A Guide to Soyfoods

Soymilk is made from the whole soybean. The creamy liquid varies in color from tan to white. It is lactose- and casein-free and is available in regular and low-fat varieties. Some brands are fortified with calcium, vitamin D, and/or vitamin B12.

Soy Flour is made by grinding roasted soybeans into a fine powder. Soy flour is available in both full-fat (contains the natural oils found in the bean) and defatted (in which the oils are removed during processing) forms. Although both full-fat and defatted soy flour adds protein to recipes, the defatted soy flour adds more because the protein is more concentrated.

Soy Protein Powder can be added to recipes to boost the protein content. Soy protein isolate is a dry powder made from defatted soy flakes. It contains 90% protein, which is the highest amount for any soy product, and all the essential amino acids of soy products. Soy protein isolate often is labeled "soy protein powder drink mix."
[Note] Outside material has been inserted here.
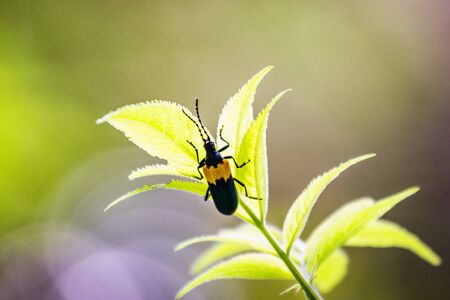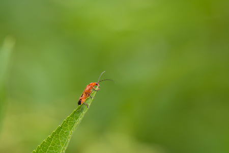 Orange beetle on a green leaf of a plant. Macro photography.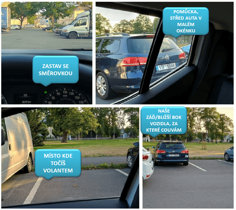- Pomocné body, kdy točím nebo rovnám, jsou obdobné, pokud parkuji vpravo nebo vlevo.

Soy Meat Alternatives, or meat analogs, are made when soy protein is mixed with other ingredients to simulate various kinds of meat. Soy meat alternatives are created to look and taste like meats, but do not actually contain any meat at all. Available flavors include pork, beef, poultry, and sausage.

Whole Green Soybeans that are harvested at 80% maturity are called edamame. This special variety of soybeans is bigger and sweeter than most commercially grown soybeans. Edamame is served cooked and salted for a snack, and also can be used in recipes.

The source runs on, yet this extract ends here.